As the dark, ominous clouds of the Second World War gathered on the horizon the route never really took off, although there was a brief period when both Pan-Am and Imperial Airways flew weekly services, experimenting with flying boats as they endeavoured to set up a viable commercial air service.

Despite the humble beginnings of these first trans-Atlantic flights in the late 1930s, they were without doubt the trailblazers for the millions of people that have since flown the Atlantic and it was this change that brought about the decimation of the great liners.

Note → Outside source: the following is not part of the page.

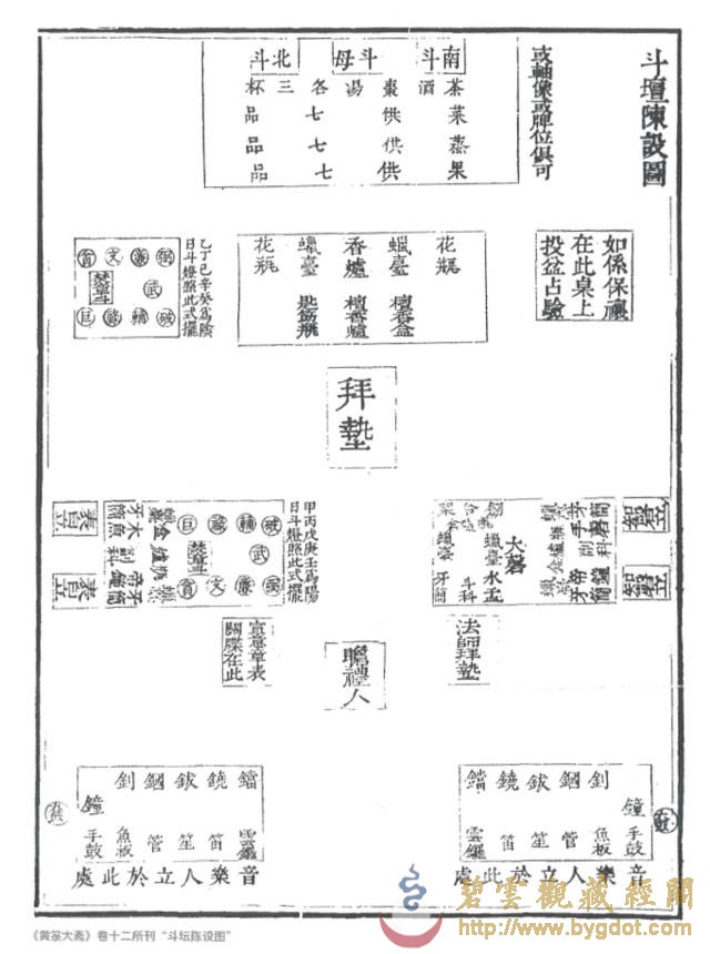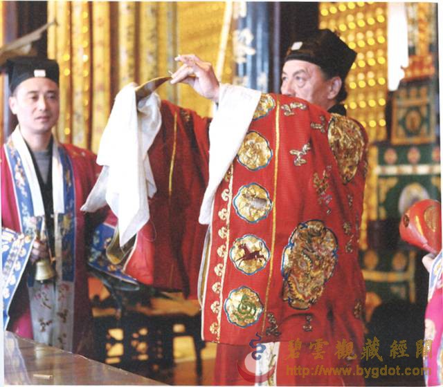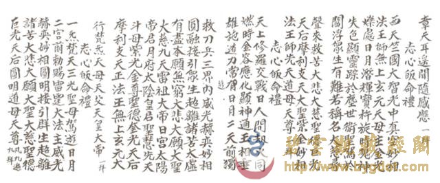 “金箓大斋”作为斋醮的一种,“斋”是指约束身心,“醮”则与“祭”同意。稍具系统的道教斋醮始自六朝的天师道,其结构源于《仪礼》所载的预告、行仪、答谢三段式仪典。 文/观靖 钦安殿道场的类型 道场是由不同单元的“科仪”组成的,各个科仪之间相互独立,又彼此关联。道场的类型多种多样。钦安殿,因其神圣的位置与特殊的意义,一直在明、清两代的宫廷道场活动中占据着特殊的位置。清代钦安殿内举办的道场主要包括金箓大斋、拜表、拜斗、唪经等几种。 苏州正一派「先天奏告拔亡玄科」现场及所铺设罡毯 陶金供图 金箓大斋 将乾隆时期《钦安殿陈设档》中开列的科仪书单与同时期大光明殿法官娄近垣所编《清微黄箓大斋科仪》进行比较,可以看出,乾隆时期钦安殿内举行的最隆重的道场是为期多日的“金箓大斋”。在宫廷文献中,也往往写作“吉祥好事”、“吉祥道场”。 “金箓大斋”作为斋醮的一种,“斋”是指约束身心,“醮”则与“祭”同意。稍具系统的道教斋醮始自六朝的天师道,它主要分“宿启建斋”、“正斋行道”、“散坛言功”三部分,其结构源于《仪礼》所载的预告、行仪、答谢三段式仪典。 (图)《朝真玉斗》中所见之《窦姥语》 一般来说,“金箓大斋”为时五日,第一日即“宿启建斋”部分。这一天的清晨,高功法官(道功最高的道教法师)率领道众举行“发奏科仪”,召请功曹(天神)将举行“吉祥好事”的公文呈送给三界圣众,令使周知。随后的下午举行“建坛科仪”,先请神将肃清坛墠(祭祀场所。筑土曰坛,除地曰墠),再请三清(道教三清:太清道德天尊,玉清元始天尊,上清灵宝天尊)慧光照彻坛场,寓意“三生万物”,又鸣金钟、振玉磬召阴阳二神,寓意“两仪分判”,随后法官又敕水净坛、设五方结界,以此通过法官与道众的道法作用,构成一座虚拟的“虚皇法坛”。是夜,法师率道众登坛,举行正斋之前的“宿启科仪”,即昼夜开启之意。法官先行化坛(将坛场幻化为仙境的科仪组成部分)、卷巾(奏请降临坛场的神仙听取高功的奏疏的科仪组成部分)等功夫,再奉请“五方真文”安镇坛场。最后入科,宣读词文并送化。至此,一座虚拟的室内“虚皇法坛”业已具备,所有预告工作均已完成。 作为金箓大斋主体的“正斋行道”通常为时三日。每日清旦(清晨)开始,法官率领道众登临法坛,分别举行“早朝科仪”、“午朝科仪”、“晚朝科仪”,即所谓“三朝”或“三时行道”。据《上清灵宝大法》载,玉清天中元始天尊所居之七宝层台,每日寅、午、戌三时鸣大法鼓,此时即诸天上帝天真上朝元始。斋醮中之“三朝”即取意于此。 “散坛言功”是“金箓大斋”的完结部分,在“解坛科仪”中,法官恭起安镇坛场的“五方真文”复还天阙,并为曾经效力的功曹、神将向上天言功、代谢,然后陆续将临坛的神将、祖师、诸天上圣恭送回天。最后在“设醮科仪”中,法官以斋主所奉献的供品款谢神明,并再次祈祷祝福。至此为“金箓大斋”圆满结束。 由《钦安殿陈设档》中所见的“金箓大斋”是一套定型于中古时期的道教仪式体系,明代周思德与清代娄近垣皆师法于此。此外,如果适值重大节庆或特殊场合,往往还要加做“拜表科仪”。 拜表科仪 据《国朝宫史》所载:“每遇年节,钦安殿各设道场,拜进表文。”所谓拜表,即高功法官通过“发炉”、“出官”、“冲表步罡”、“飞神谒帝”等道法内秘,向天帝拜进表章,面陈祈福或拔亡之事(编按:拔亡,即“亡斗”。“亡”指亡魂,“斗”指北斗星君,是道教尊神,主管人之生死。道士通过上表奏疏,献茶烧香,燃点斗灯,恭迎斗母神莅临酿坛,达到接引亡魂、升登福地的目的)。法节次中,以“冲表步罡”、“飞神谒帝”最为重要。届时抱厦正中供案前铺设刺绣罡毯一块,罡毯上刺绣有青龙、白虎、朱雀、玄武的图像以及二十八宿、南辰北斗等星图。法官更衣毕,将朝简改换玉圭,以双手端持,从罡毯东北角箕宿开始踏“二十八宿罡”,其步法为沿顺时针顺序踏步,每踏一步即一宿,手并掐一诀,同时脑中存想自己元神“旋步星空之上”,如此围绕罡毯一周至东北角斗宿结束,此后又踏“三台罡”、“五行罡”、“九灵飞步”等罡步,并存想“元神步虚太空,高奔天宫”,最终法官再顺时针旋绕一周面向西北乾位天门立定,三大拜之后,开始进入最为关键的“飞神谒帝”节次。 清 高上玉皇本行集经卷 《钦安殿陈设档》中记载:“花褥一个(其下贴黄签)。道光十九年……征去花褥一个,拜表用。”此花褥即是法官“飞神谒帝法”所用。上言法官步罡结束,有侍职道士将褥子铺于坛上,法官跪下,口念“恭按家传上道,拜进表文,蹑景飞神,万象寥廓。罡风灏灏凛凛乎,万里遥途;道气腾腾坦坦然,九霄之正路……”,随即俯伏于褥上,默运体内真气化为元神,过三关至顶门而出,依凭师密旨存想,飞升上天,于上帝御前拜呈表文,虔诚祈愿,事毕乃从原路返回,自顶门入体内。在“冲表步罡”及“飞神谒帝”两个节次中,需于坛前悬挂《默祷图》,图中所描绘者即是法师行“飞神谒帝法”时所存想之部分景象。 拜斗道场 紫禁城内位育斋现貌 雍正八年,娄近垣因为清世宗礼斗禳病灵应而开始得到信任,并于次年被封为钦安殿住持,当时御花园东北隅的位育斋及宫内多处都建立了斗坛,成为固定的礼斗坛场。钦安殿也成了

In the early stages of these transatlantic flights, both Imperial Airways and Pan-Am s boat, which up until now had been employed for services to destinations within the Empire with a sector distance of around 800 miles.

However this range was about 1,000 miles shy of the Atlantic gap between Ireland and Newfoundland and so modifications were made to the aircraft that included equipping the aircraft with extra fuel tanks and stripping out all furnishings. Trial flight followed with the aircraft following a either a northerly route of Southampton, Shannon, Newfoundland, Montreal and New York or by the southerly route to Lisbon, the Azores and Bermuda.

By 1938 more revolutionary ideas were being introduced, such as the “Mercury/Maia” piggy-back composite aircraft which made a successful flight across the Atlantic with freight and mail, but this could not be taken as a serious proposition. The following year Imperial Airways started experimenting with in-flight refuelling, developed by the Dorset-based company founded by Sir Alan Cobham, but this operation was not without its hazards during early tests and so was never introduced into passenger carrying flights.

Pan-Am on the other hand opted for an entirely new and far larger flying boat, and ordered three Boeing 314s, capable of flying over the longest sectors with a useful load of 35 passengers aboard, enjoying a high level of service — there was even a honeymoon suite in the tail section.